4.  Fat and skeletal muscle M. Brady (USA)

Peripheral insulin resistance in fat and muscle results in increased free fatty acid release by adipocytes and increased insulin secretion by the beta cell.  As the process continues, liver becomes insulin resistant and the beta cell becomes exhausted resulting in IGT and eventual diabetes.  In in vivo studies in man the infusion of lipids decreases glucose clearance.  Although the speaker was focusing on peripheral tissues, he cited observations that suggest that the brain may be an active participant in insulin resistance.  In studies in normal college students, sleep deprivation was observed to produce insulin resistance.  When over four nights students got either 4.5 or 8.5 hours of sleep, they demonstrated insulin resistance in the period following the sleep deprivation.  
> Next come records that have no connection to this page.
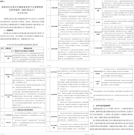 本网讯(文/杨亮)安全无小事,责任大于天。近期,湖南省先后发布《两客车辆智能监管平台报警规则及管理细则(2025版)》、《农村客运车辆智能监管平台报警规则及管理细则(2025版试行)》,为道路运输安全监管划定“硬标准”。
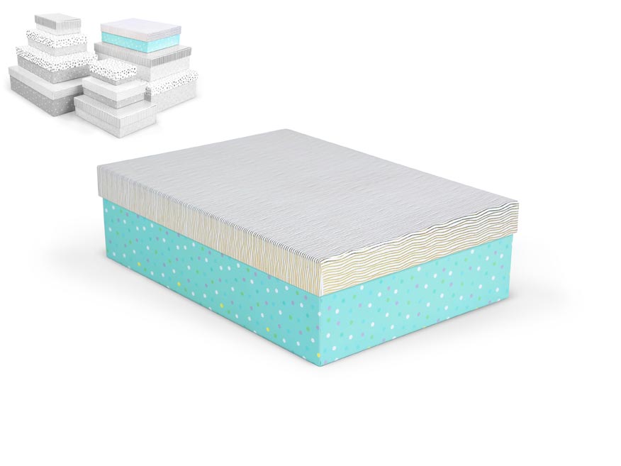 Dárková krabice v mixu pastelových barev s různými vzory, jako jsou puntíky, proužky nebo texturovaný povrch. Vzory a barvy jsou sladěny tak, aby vytvářely harmonický a elegantní vzhled. Vhodná pro slavnostní příležitosti, dekorativní účely, balení osobních darů nebo k uschování různých drobností. Při vložení jedné krabičky do košíku se automaticky přidá celá sada, která zahrnuje krabičky s různými designy a velikostmi. Tato variabilita zaručuje, že budete mít krabičky vhodné pro různé příležitosti a typy dárků. Krabičky jsou elegantně navrženy a ladí k sobě svými barvami a vzory, čímž vytvářejí harmonickou sadu ideální pro každou příležitost.
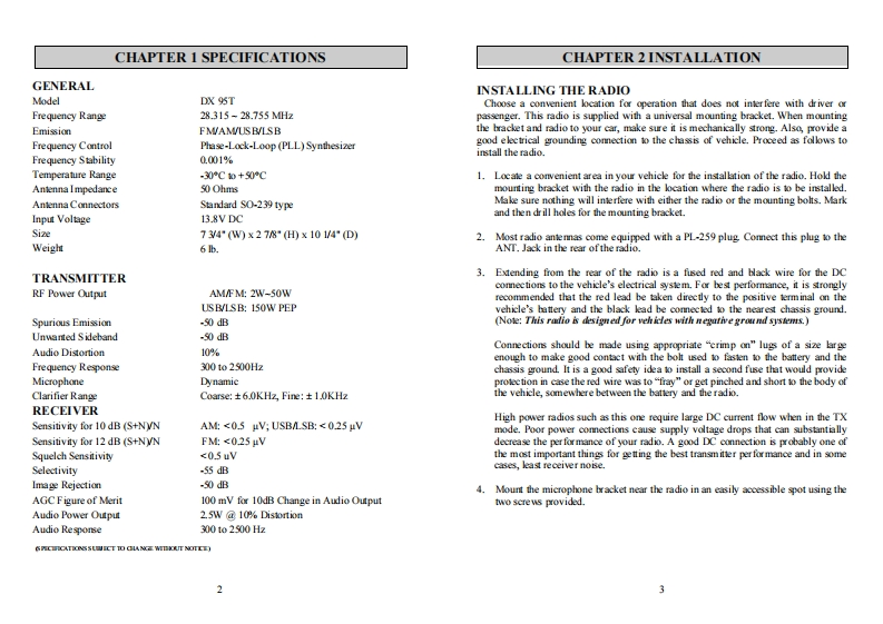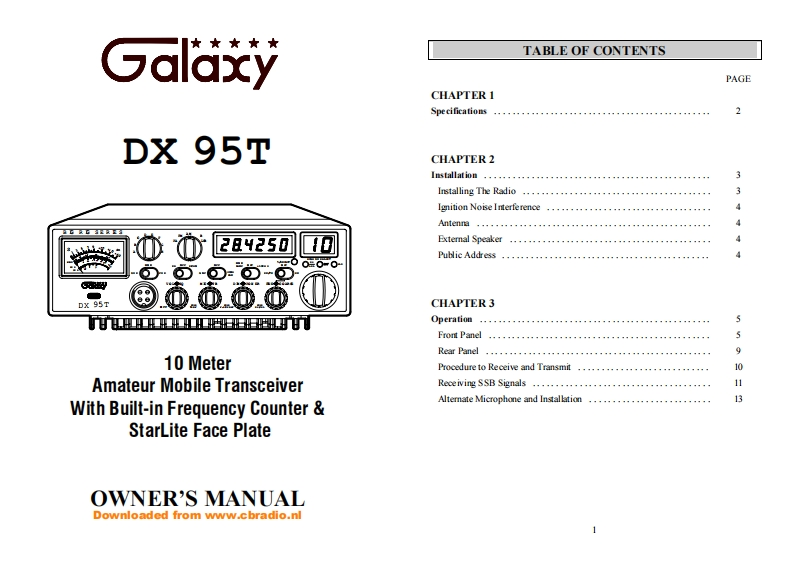 GalaxyTABLE OF CONTENTSPAGECHAPTER 1Specifications2DX 95TCHAPTER 21sl0n…3Installing The Radio ............................3Ignition Noise Interference4Antenna………2a4250Extemal Speaker0=6-0Public Address...........DX 95TCHAPTER 3HHH性店UOperation510 MeterRear Panel ...............................................9Procedure to Receive and Transmit............................10Amateur Mobile TransceiverReceiving SSB Signals .....................................山With Built-in Frequency CounterAlternate Microphone and Installation..........................13StarLite Face PlateOWNER'S MANUALDownloaded from www.cbradio.nl
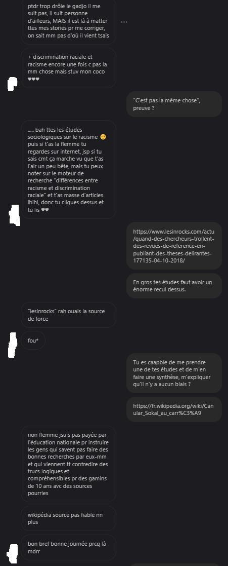 Tu nies le fait que certaines personnes issues de minorités, en France, subissent des brimades racistes l'op ?
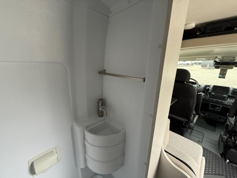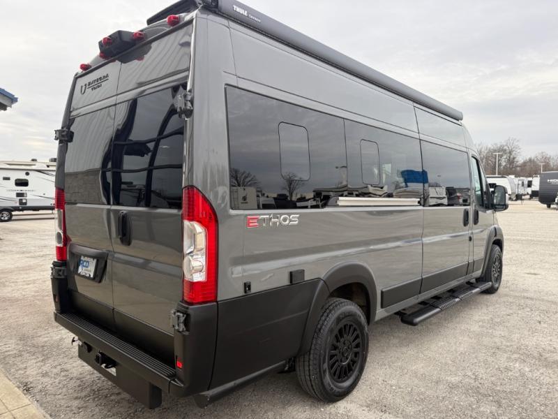 With any Ethos Class B gas motorhome by Entegra you will find helpful technology features, luxury amenities, and a smooth drive thanks to the E-Z Drive system. The 3.6L V6 24V VVT 276HP engine will power your trips near and far, plus there is an 2800-watt gas generator on board and a 1,000-watt inverter. Each model also includes a Truma Combi Eco Plus water heater and furnace, a 13,500 BTU A/C, a water filtration system, plus many more convenient systems. A Uconnect 5 NAV infotainment center comes standard, along with a backup camera and a cab area privacy shade. You'll be traveling in luxury with residential vinyl flooring, European-style high-gloss cabinetry, a soft-touch vinyl celling, and pressed countertops. Start a new adventure today in an Ethos Class B gas motorhome today!

Comment: This is a very interesting observation given that sleep apnea is relatively common in obesity.

Although we associate obesity with insulin resistance, it has been observed for years that acute changes in nutrition results in correction of insulin resistance before significant weight loss.  In elegant studies, patients who were scheduled for bariatric surgery were studied two weeks prior to and two weeks following bariatric surgery, at a time when significant weight loss had not yet occurred.  They observed significant improvements in insulin resistance comparing the first to the second study.

Comment:  This observation supports that insulin resistance results from both steady state changes in peripheral tissues and the acute nutritional and hormonal state of the individual.  

Concluding comments

These presentations emphasize the complex nature of the series of events underlying the development of diabetes.  The most reasonable take home message is that type 2 diabetes can result from a number of pathways, but in the final analysis, insulin resistance results from fat being deposited in the liver and skeletal muscle and in the case of susceptible beta cells glucose tolerance deteriorates.

(*My attendance to the IDF is sponsored by the ADA, a member organization.)